Испанское посольство в Риме находилось недалеко от Киринала{115} (позже речь пойдет о посольстве при Ватикане) и занимало старинное импозантное здание палаццо Барберини. Нашим послом был Габриель Аломар, известный профессор, друг Асаньи, прекрасный человек и убежденный республиканец. Однако целый ряд недостатков сводил на нет все его достоинства. Он меньше всего подходил для представителя молодой Испанской республики в фашистской Италии.

Министр– советник{116} и секретари посольства чувствовали себя оскорбленными, представляя строй, осмелившийся изгнать из Испании королей и «бедных наследничков» и выдвинувший на ответственные должности каких-то плебеев. Эти люди вели себя как лакеи из знатных домов, вынужденные прислуживать семье простого буржуа. Они чувствовали себя униженными, хотя новые хозяева относились к ним с большим уважением и учтивостью, нежели прежние.

В разговорах с дипломатами других стран и со знакомыми из римского общества мои товарищи по посольству считали необходимым извиняться за действия своего правительства.

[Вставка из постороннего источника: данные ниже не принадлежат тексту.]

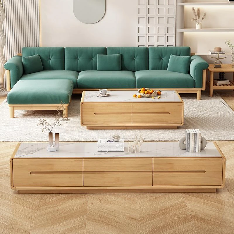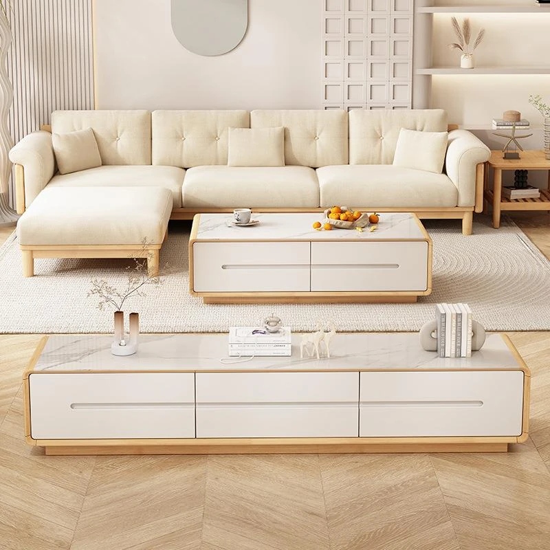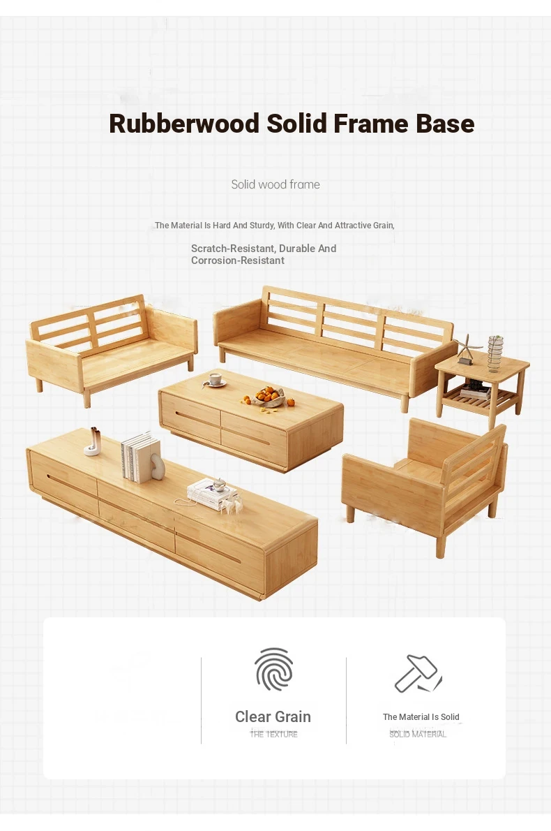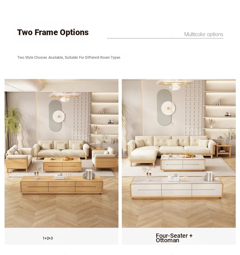 Modern Minimalist Solid Wood Fabric Sofa Set for Small Spaces - Scandinavian Style Cream White Living Room Furniture

Естественно, при таком отношении к республике они не помогали бедному послу, а лишь старательно подчеркивали его многочисленные ошибки, которые он допускал из-за незнания дипломатических обычаев и жизни светского общества. Правда, делали они это тактично, боясь потерять свои должности, поистине теплые местечки. В те времена жизнь дипломатов в Риме была настоящим раем.

Обычно в посольство они приезжали на своих автомобилях в половине одиннадцатого и не спеша принимались обсуждать обед или бал, прошедшие накануне. Их гораздо больше занимали различные нарушения дипломатического этикета, нежели международная обстановка. Тот факт, что секретаря посадили на не положенное ему место, служил поводом для длительных и горячих споров. Не забывали и о дамских туалетах, проявляя при их оценке удивительные познания. Мужчины тоже попадали под огонь их суровой критики. Меня [270] возмущало презрение, с каким эти люди говорили о каком-нибудь бедном дипломате, не умевшем изящно носить фрак. Помню, как однажды они все утро горячо спорили на тему, носить ли с визиткой и брюками в полоску обычный галстук или пластрон. Разговоры были столь бессодержательны, что порой я начинал сомневаться, всерьез ли они ведутся.

Закончив дискуссию, все садились за рабочие столы, на которых уже лежали разложенные канцлером газеты. Великие дипломаты, вооружившись большими ножницами, вырезали из них статьи, которые считали интересными, и наклеивали на чистые листы бумаги. На основе этого «материала» они составляли доклады, посылаемые диппочтой в министерство. В час дня, оставив ножницы, все отправлялись обедать или выпить аперитив со своими друзьями в каком-нибудь ресторане на Виа-Венета{117} и возвращались в посольство только в том случае, если устраивался обед или прием.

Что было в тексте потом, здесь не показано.